§ Directions for this task: Wherever a picture appears in the data below, omit it, and restate everything else word for word.

§ Supplied data:
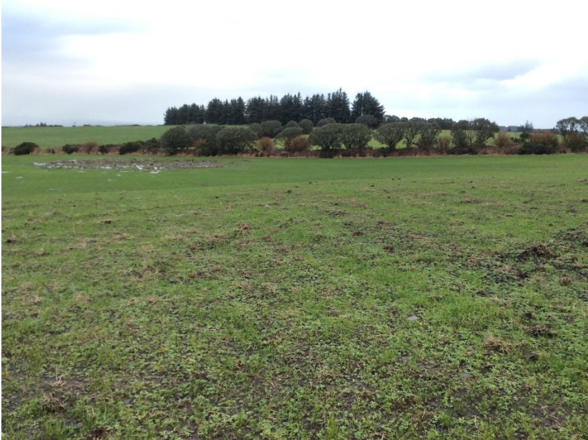
Plate 10: Area of proposed temporary construction compound south-west of T3, looking NE.
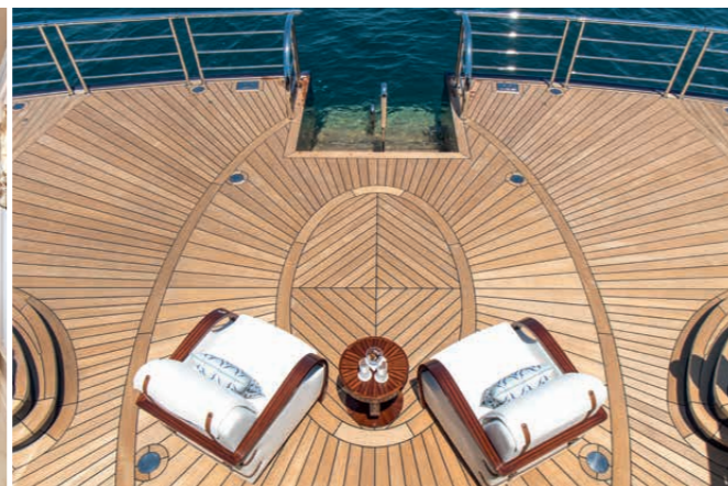
Man cave: aboard “Tis” the beach club is a sports bar with sauna attached, a very private area for the owner and his friends, well-shielded from prying eyes. The stern platform, with a few steps into the water and of course imposing staircases, offers a grand entrance.
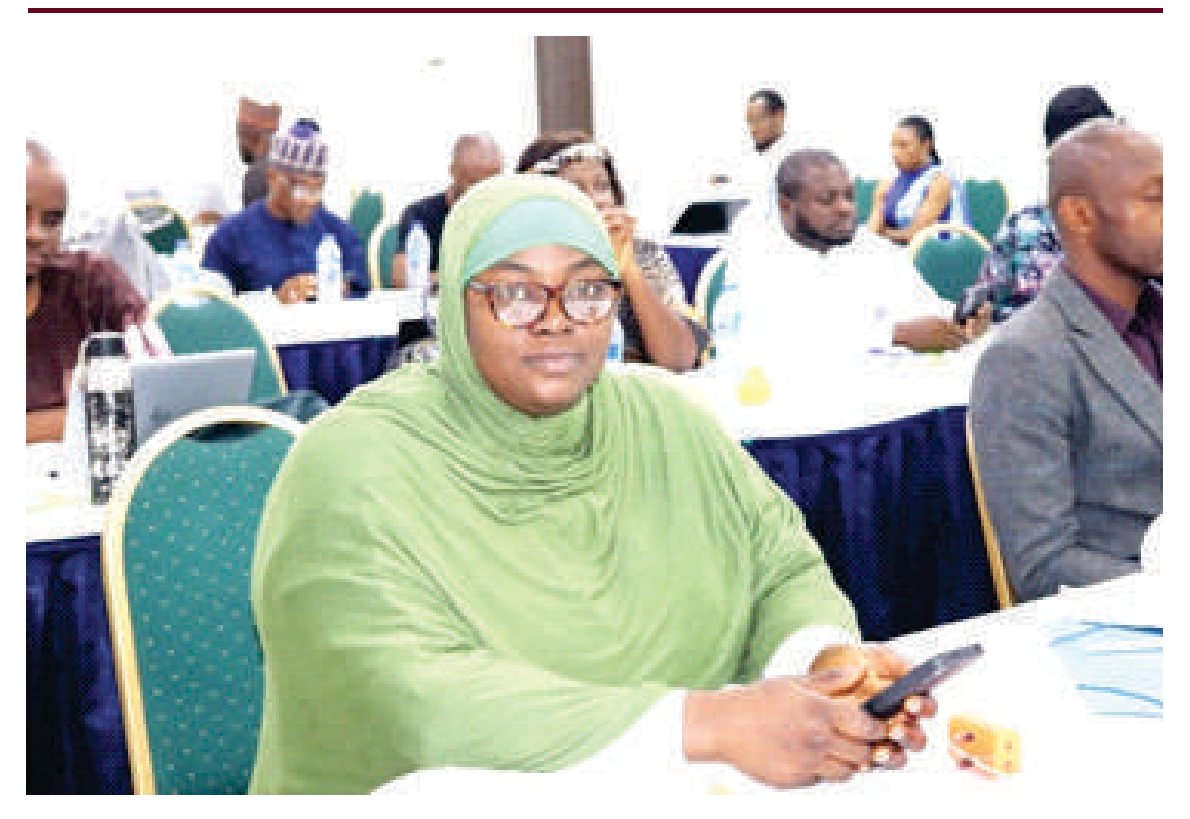
Participants of the TOT workshop

§ Solved problem:
Plate 10: Area of proposed temporary construction compound south-west of T3, looking NE.
Man cave: aboard “Tis” the beach club is a sports bar with sauna attached, a very private area for the owner and his friends, well-shielded from prying eyes. The stern platform, with a few steps into the water and of course imposing staircases, offers a grand entrance.
Participants of the TOT workshop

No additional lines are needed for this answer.